__Information shown__

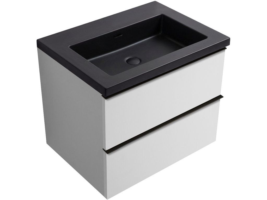 CERANO - Koupelnová skříňka Velora - bílá matná, úchytka černá + umyvadlo z lit. mramoru Ovo - černá matná - 60,5x58x46,5 cm
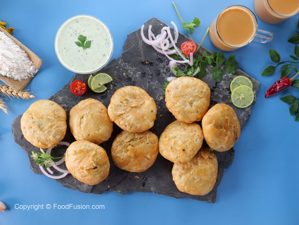 -In a wok,heat cooking oil (100°C) & fry stuffed kachoris on very low flame until golden & crispy (makes 12) & serve!
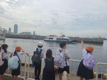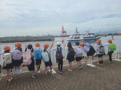 サンタマリア号とキャプテンシルバー号の出港のタイミングで、みんなで手を振り見送りました。
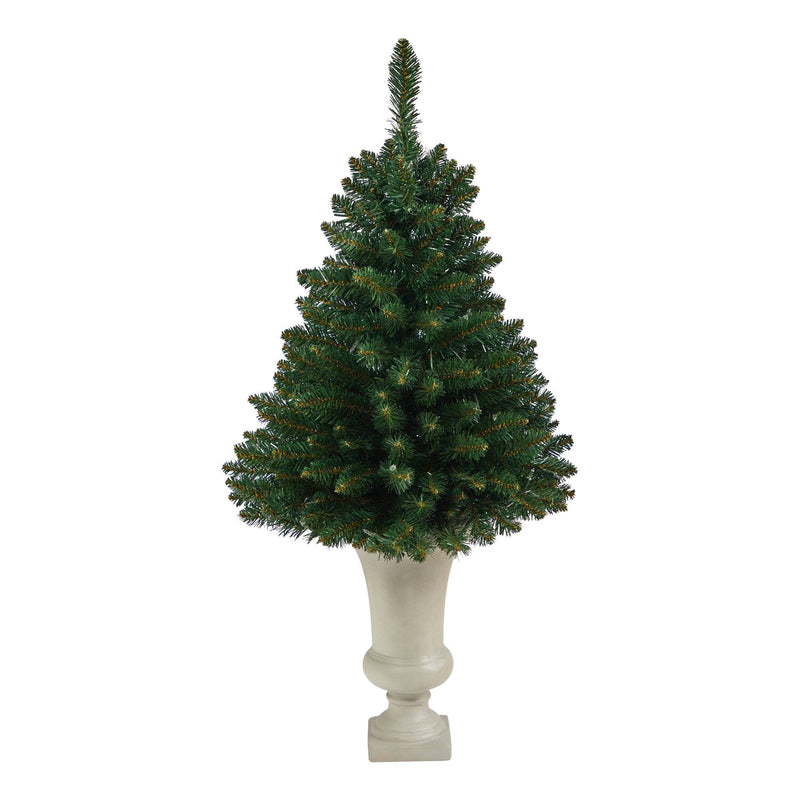 3.5’ Northern Rocky Spruce Artificial Christmas Tree with 50 Clear Lights and 154 Bendable Branches in Sand Colored Urn
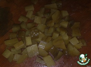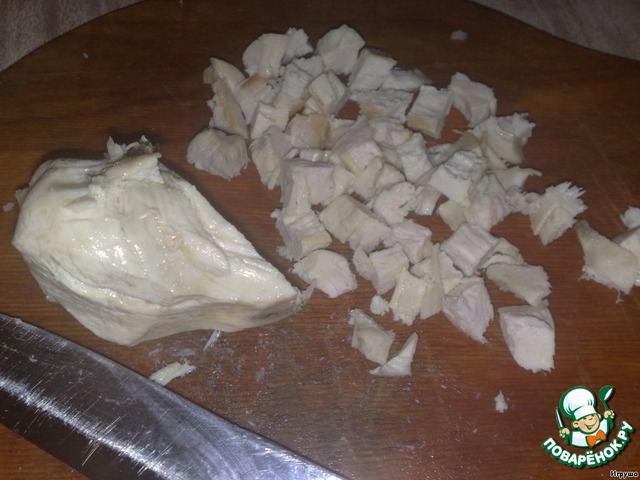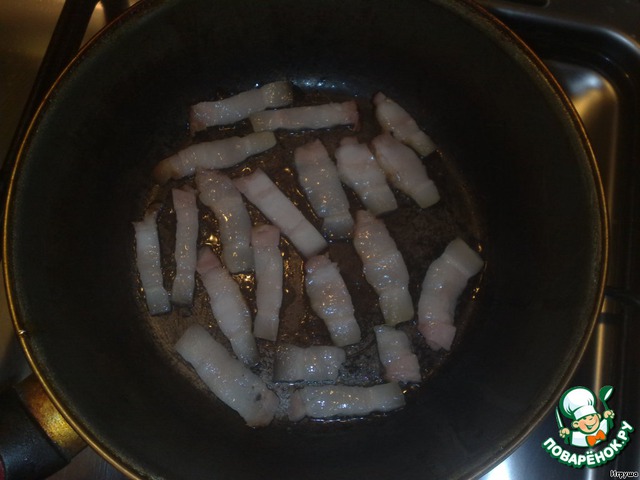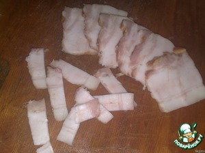 Грудинку нарезаем тонкими ломтиками, а ломтики полосочками.
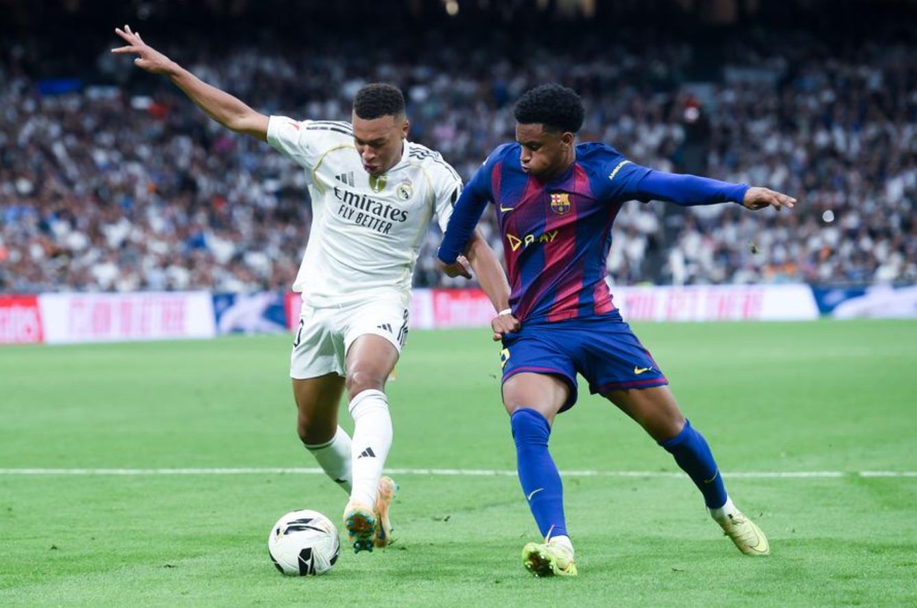 Kylian Mbappe (L) of Real Madrid vies with Alex Balde of Barcelona during their La Liga match at Santiago Bernabeu Stadium in Madrid, Spain, on Oct. 26, 2025. (Xinhua/Gustavo Valiente)
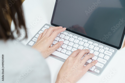 パソコンのキーボードを打つ女性の手元
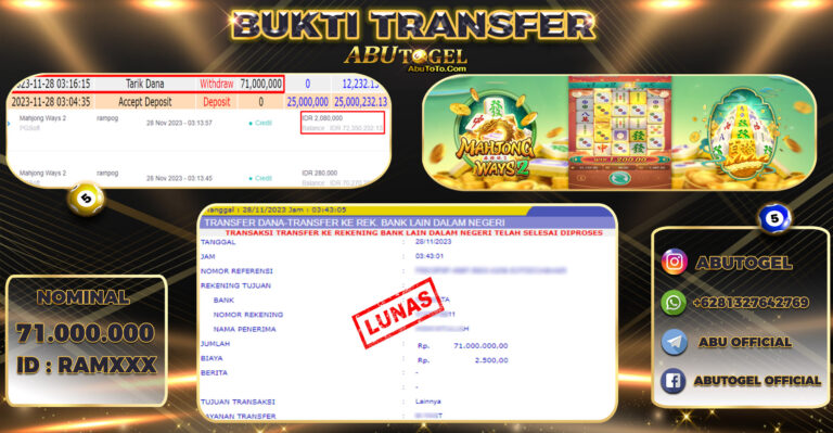 Bukti Jackpot ABUTOGEL Slot Online Sabtu 25 November 2023 - ABUTOGEL adalah situs slot gacor maxwin terpercaya. Berikut ini kami...
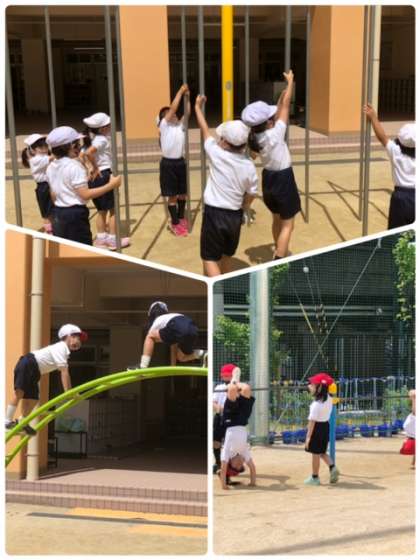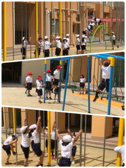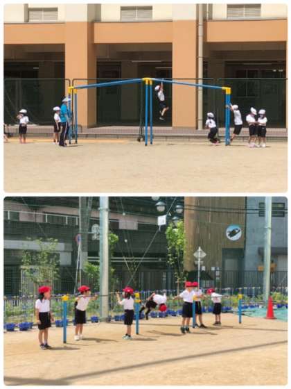 1年生は、鉄棒や登り棒、雲梯をしました。何とかして登ってやろう、あっちまで渡ってやる。そんな意気込みを感じました。

__Task details__
Each line from the one that holds "Bukti Jackpot ABUTOGEL" through the end of the entries must be returned exactly, while any pictures stay out.

__Solution to the problem__
 Bukti Jackpot ABUTOGEL Slot Online Sabtu 25 November 2023 - ABUTOGEL adalah situs slot gacor maxwin terpercaya. Berikut ini kami...
 1年生は、鉄棒や登り棒、雲梯をしました。何とかして登ってやろう、あっちまで渡ってやる。そんな意気込みを感じました。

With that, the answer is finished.